Lo scambio di battute tra il protagonista e uno zio sulla mancanza di differenze programmatiche sostanziali tra destra e sinistra, per esempio, che viene entusiasticamente additato come esempio di preveggenza dell'autore del libro dal regista, è strumentale e disonesto. L'interpretazione che ne verrà colta dai più sarà ovviamente quella di un rispecchiarsi in quelle parole dell'Italia odierna, perché è lì che Faenza vuole condurre lo spettatore. Ma la narrazione si dimentica volutamente della contestualizzazione di quelle specifiche frasi in un'epoca in cui il parlamentarismo assumeva connotati estremamente diversi da quelli odierni, con l'assenza di organizzazioni partitiche di massa, vivendo sulla specificità degli eletti nei singoli collegi, su un suffragio estremamente ridotto, sul trasformismo depretisiano, termine la cui accezione aveva ben altro senso e significato rispetto a quello deleterio che con il tempo ha assunto. L'epoca, per intenderci, della destra storica e della sinistra storica.
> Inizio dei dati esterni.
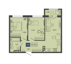 Продаётся квартира площадью 53.75 м2 в жилом комплексе "Смородина". Квартира находится на 4 этаже дома, который будет введен в эксплуатацию в 2 квартале 2028 года. Жилая площадь квартиры 22.40 м2, площадь просторной кухни — 16.71 м2. Среди особенностей планировки — изолированные комнаты с окнами на одну сторону, 1 совмещённый санузел. Жилой комплекс "Смородина" — это: уютный малоэтажный комплекс в районе ММС дома высотой 4 этажа квартиры от студий до семейных вариантов с отапливаемыми лоджиями экологичные материалы в благоустройстве территории 1 очередь — срок сдачи в 2025 году 2 очередь — III кв. 2026 3 очередь — IV кв. 2026 Окружение В 5 минутах ходьбы от проекта — озеро Липовое с песчаным пляжем и лесопарковая зона. Инфраструктура В шаговой доступности есть все для комфортной жизни: школы, детские сады, магазины и аптеки. Рядом с проектом — остановка общественного транспорта. Благоустройство Прямо во дворе — собственные грядки для жителей, где можно выращивать зелень и цветы. Для детей оборудованы детские площадки из натуральных материалов. Лобби Вдохновленные современными тенденциями наши парадные разработаны с акцентом на эстетическую привлекательность и практичность. Использование натуральных материалов и ярких цветовых акцентов создает атмосферу уюта и стиля. Планировки Среди многообразия продуманных планировок есть и уютные студии, и просторные семейные варианты. Во всех квартирах предусмотрены отапливаемые лоджии, где можно устроить зону отдыха или рабочий кабинет.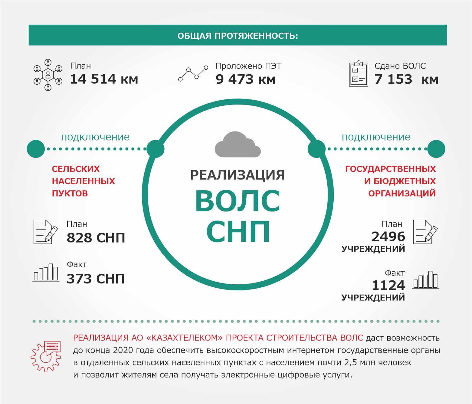 В компании добавили, что проект строительства ВОЛС к сельским населенным пунктам страны должен кардинально решить проблему "цифрового неравенства" между городом и селом. Технические характеристики проекта предполагают прокладку 14,5 тыс. км ВОЛС, которые будут заведены в 828 сельских населенных пунктов по всей стране. Это даст возможность подключить к широкополосному интернету и средствам передачи данных 2 496 государственных учреждений и бюджетных организаций (школы, больницы, акиматы, интернаты, объекты национальной обороны, полиции, аварийных служб и другие). На текущий момент степень реализации проекта достигла отметки около 50%.

Dunque non sbaglia il personaggio nella scena a citare letteralmente De Roberto (l'accezione di 'storiche' per due prospettive divergenti nel governo del Regno d'Italia ai suoi albori è infatti maturata con il tempo, impossibile da mettere sulla bocca di chicchessia nel 1872), ma sbaglia Faenza ad assolutizzare il discorso, a privarci delle giuste chiavi di lettura di un testo che per molti altri versi ha delle notevoli tangenze con l'oggi.
La valenza culturale del libro di De Roberto si diluisce così in un'operazioncina che infiocchetta ideologicamente quello che risulta dallo schermo come un melò dal sapore non poco televisivo.
Gli Uzeda (Lando Buzzanca, Alessandro Preziosi, Cristiana Capotondi) non convincono come "cattivi", come reali fautori di un malcostume che pian piano si è radicato nel belpaese, ma restituiscono l'immagine di una famiglia d'epoca con tutte le proprie piccole contraddizioni, i propri contrasti, esposti e messi in scena un po' rozzamente e con un certo macchiettiamo di fondo, e nulla più.
Ma dopotutto, se anche Rossellini era uscito sconfitto dal confronto con De Roberto, un motivo ci dovrà pur esser stato...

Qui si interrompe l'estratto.